- Try it:
Up to and including the line that contains "Five of the", write out every line of the entries exactly, beginning with the first. Omit the pictures.

○ ○ ○ ○

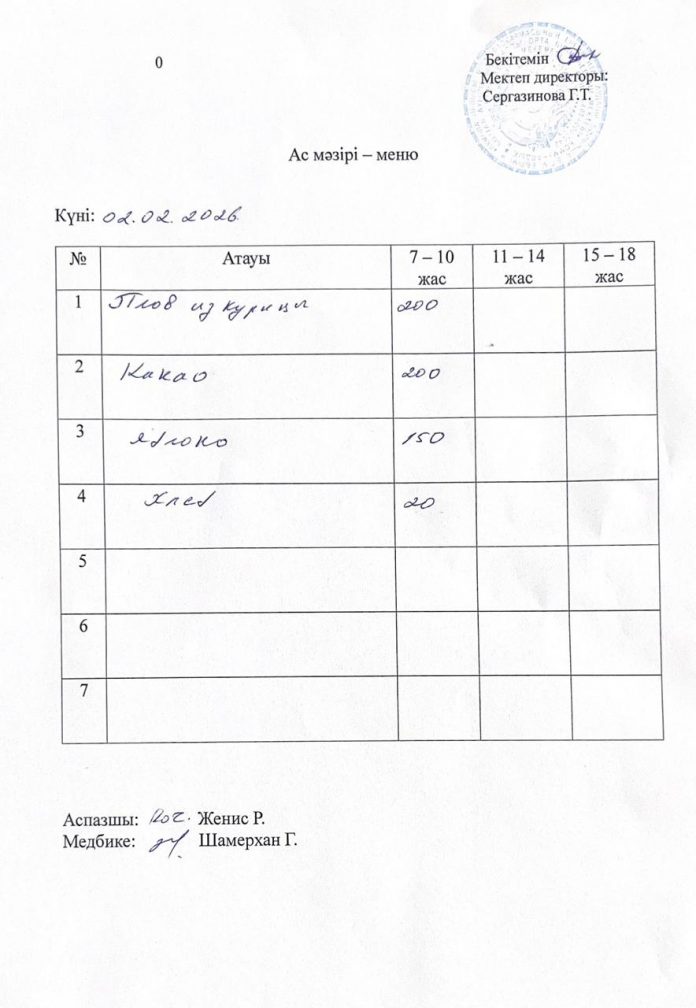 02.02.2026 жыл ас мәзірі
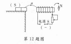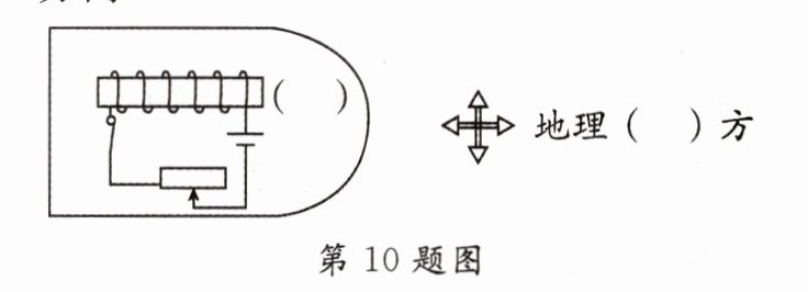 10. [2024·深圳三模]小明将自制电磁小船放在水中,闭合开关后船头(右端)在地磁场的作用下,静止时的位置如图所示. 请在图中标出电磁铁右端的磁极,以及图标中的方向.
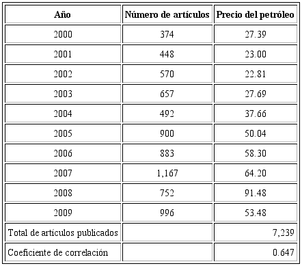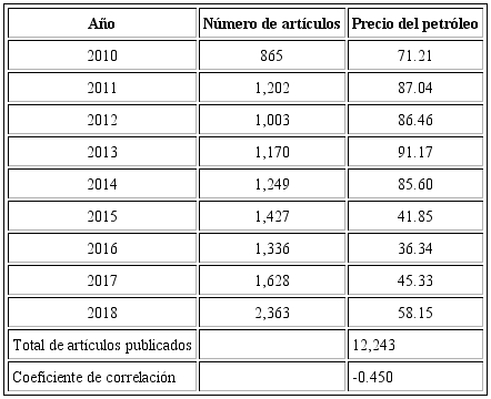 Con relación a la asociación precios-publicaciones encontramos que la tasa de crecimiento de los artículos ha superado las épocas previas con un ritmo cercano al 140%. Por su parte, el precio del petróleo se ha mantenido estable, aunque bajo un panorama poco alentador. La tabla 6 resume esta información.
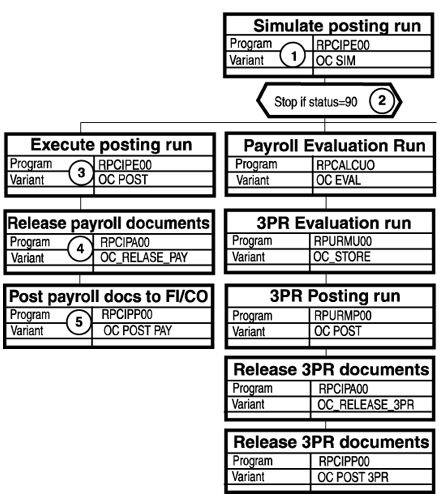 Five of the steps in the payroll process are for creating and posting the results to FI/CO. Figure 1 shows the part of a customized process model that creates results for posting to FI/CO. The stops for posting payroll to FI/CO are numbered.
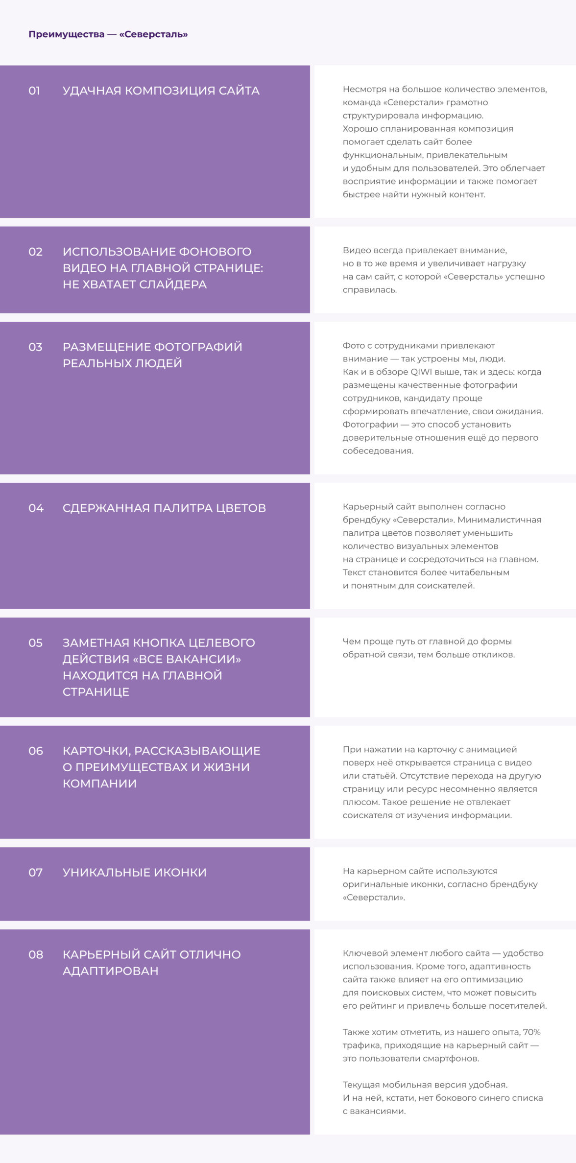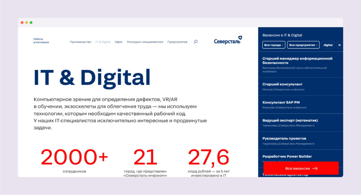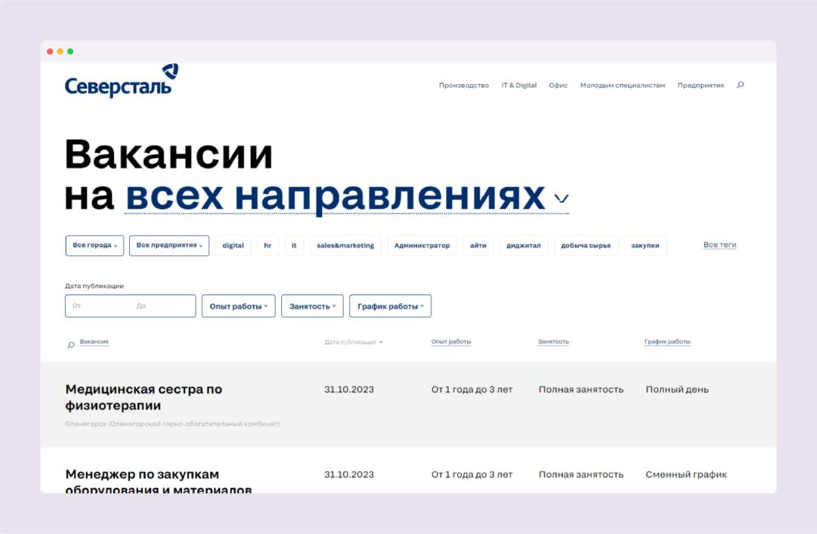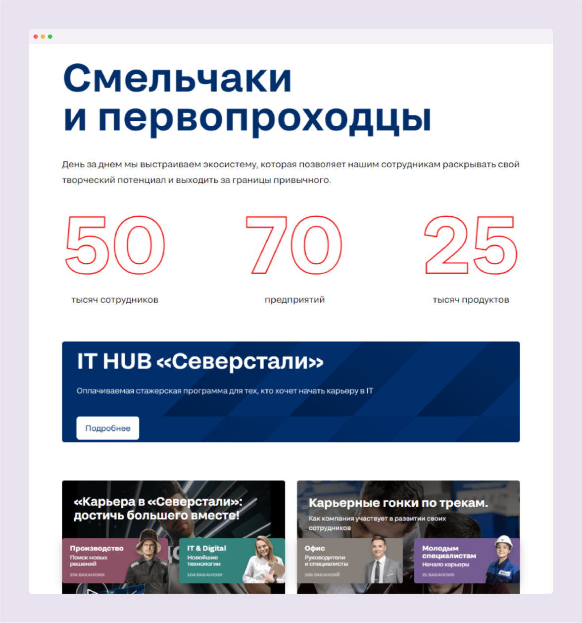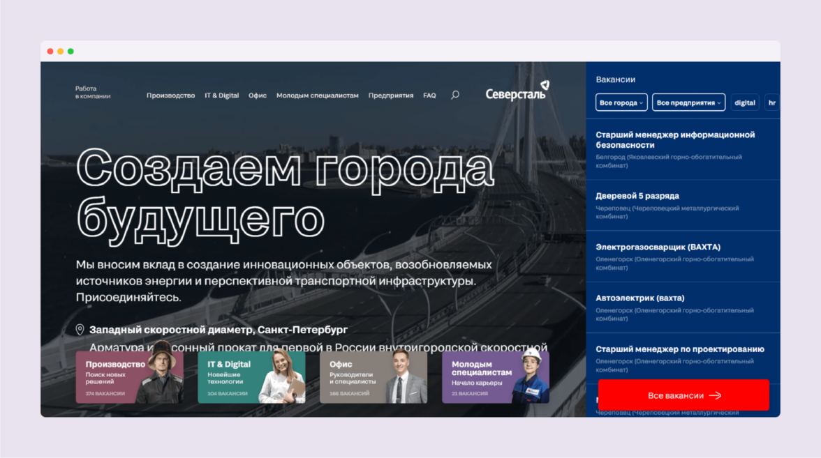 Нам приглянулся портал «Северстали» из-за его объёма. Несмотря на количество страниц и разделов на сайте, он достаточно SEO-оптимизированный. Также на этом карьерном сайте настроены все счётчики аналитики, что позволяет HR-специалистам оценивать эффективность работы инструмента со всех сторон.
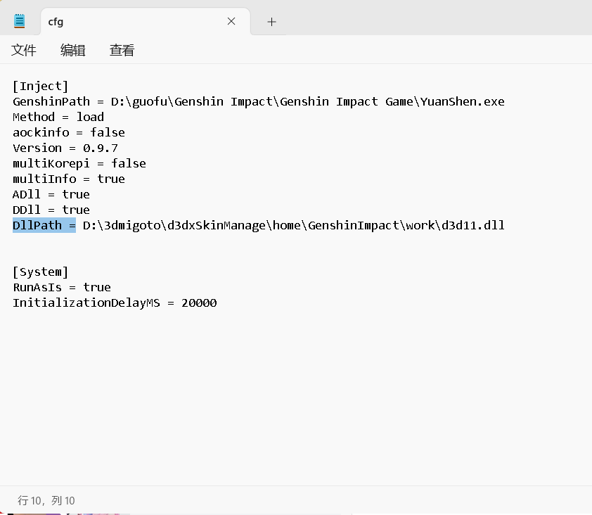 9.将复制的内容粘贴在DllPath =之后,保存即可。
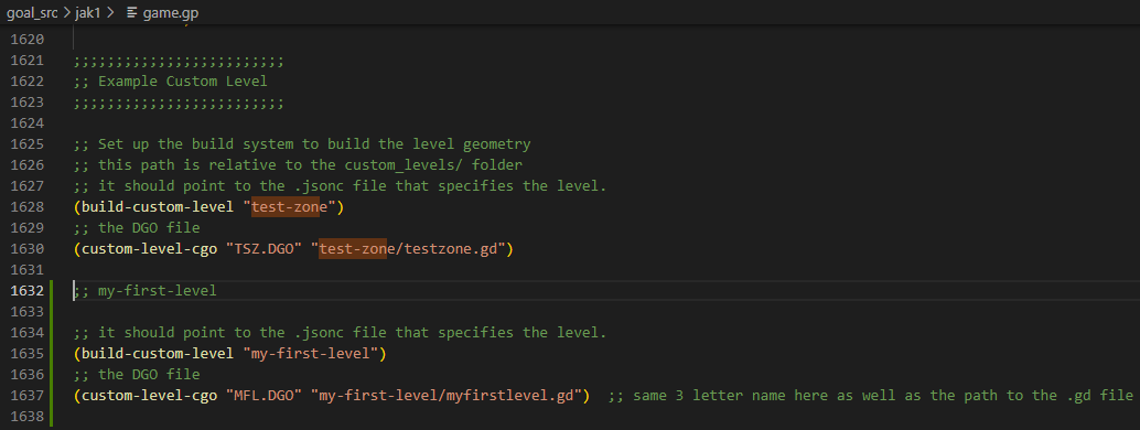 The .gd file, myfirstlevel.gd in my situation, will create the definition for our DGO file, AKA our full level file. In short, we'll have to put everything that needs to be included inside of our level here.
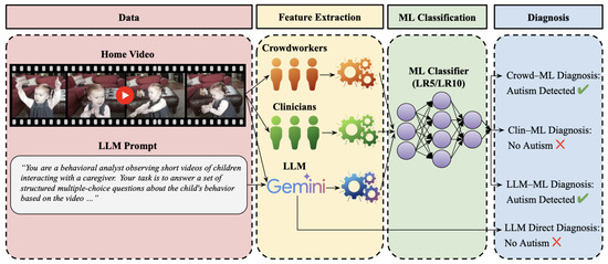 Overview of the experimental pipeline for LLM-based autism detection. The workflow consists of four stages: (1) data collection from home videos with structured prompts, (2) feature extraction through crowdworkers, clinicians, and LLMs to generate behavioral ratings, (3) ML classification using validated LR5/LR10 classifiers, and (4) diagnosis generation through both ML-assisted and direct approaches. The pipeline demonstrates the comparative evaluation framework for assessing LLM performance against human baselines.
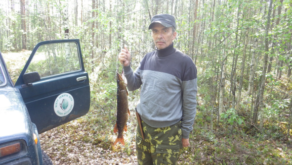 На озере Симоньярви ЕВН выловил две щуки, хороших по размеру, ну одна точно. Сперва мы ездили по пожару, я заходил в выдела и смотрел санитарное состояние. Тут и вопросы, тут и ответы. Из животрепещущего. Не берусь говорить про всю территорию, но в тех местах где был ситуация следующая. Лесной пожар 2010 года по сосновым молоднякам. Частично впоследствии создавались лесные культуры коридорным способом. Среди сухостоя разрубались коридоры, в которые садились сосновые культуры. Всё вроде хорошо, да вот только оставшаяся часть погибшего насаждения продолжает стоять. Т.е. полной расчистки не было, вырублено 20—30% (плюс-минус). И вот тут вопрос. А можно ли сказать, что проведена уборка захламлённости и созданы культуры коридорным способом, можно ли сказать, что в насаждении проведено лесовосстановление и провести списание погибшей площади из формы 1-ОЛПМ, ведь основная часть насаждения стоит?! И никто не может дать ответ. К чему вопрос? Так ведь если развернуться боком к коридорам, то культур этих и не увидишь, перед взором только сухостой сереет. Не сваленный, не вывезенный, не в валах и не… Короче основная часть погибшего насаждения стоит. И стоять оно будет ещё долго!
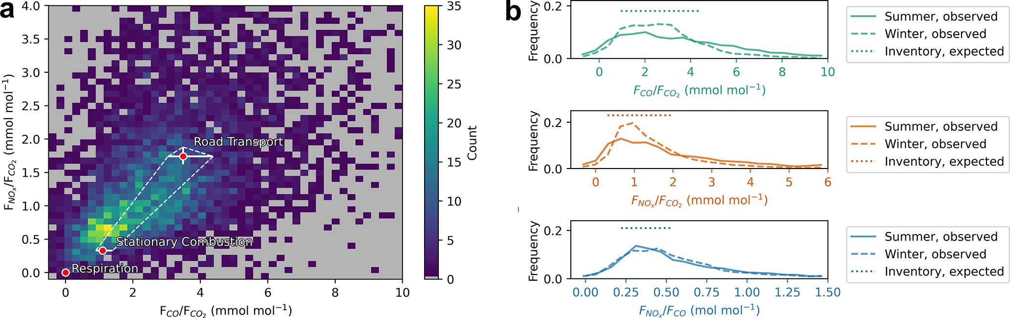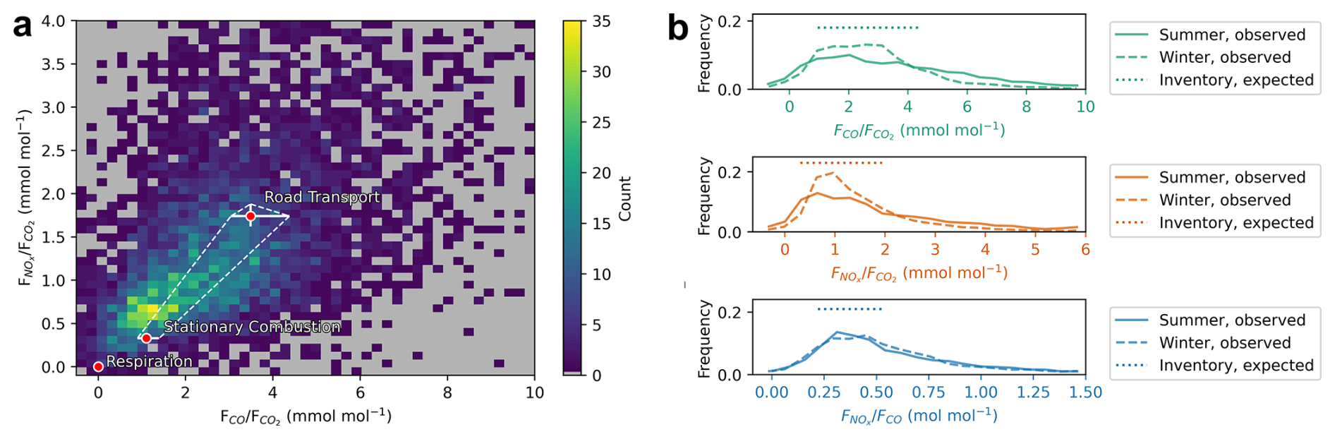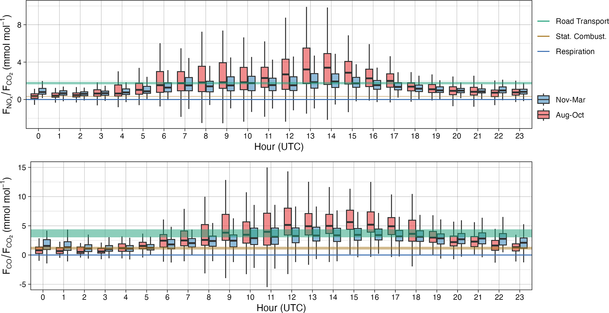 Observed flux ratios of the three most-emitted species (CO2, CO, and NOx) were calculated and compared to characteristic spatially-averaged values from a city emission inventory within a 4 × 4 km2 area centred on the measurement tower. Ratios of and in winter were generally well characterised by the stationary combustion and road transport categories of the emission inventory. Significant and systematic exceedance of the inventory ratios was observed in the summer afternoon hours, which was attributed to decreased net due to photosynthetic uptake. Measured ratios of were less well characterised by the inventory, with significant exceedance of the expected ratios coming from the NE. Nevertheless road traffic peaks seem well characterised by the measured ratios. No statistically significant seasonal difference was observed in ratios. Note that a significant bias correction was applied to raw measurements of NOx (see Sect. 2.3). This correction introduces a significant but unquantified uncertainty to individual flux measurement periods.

○ ○ ○ ○

- Answer for this exercise:
 02.02.2026 жыл ас мәзірі
 10. [2024·深圳三模]小明将自制电磁小船放在水中,闭合开关后船头(右端)在地磁场的作用下,静止时的位置如图所示. 请在图中标出电磁铁右端的磁极,以及图标中的方向.
 Con relación a la asociación precios-publicaciones encontramos que la tasa de crecimiento de los artículos ha superado las épocas previas con un ritmo cercano al 140%. Por su parte, el precio del petróleo se ha mantenido estable, aunque bajo un panorama poco alentador. La tabla 6 resume esta información.
 Five of the steps in the payroll process are for creating and posting the results to FI/CO. Figure 1 shows the part of a customized process model that creates results for posting to FI/CO. The stops for posting payroll to FI/CO are numbered.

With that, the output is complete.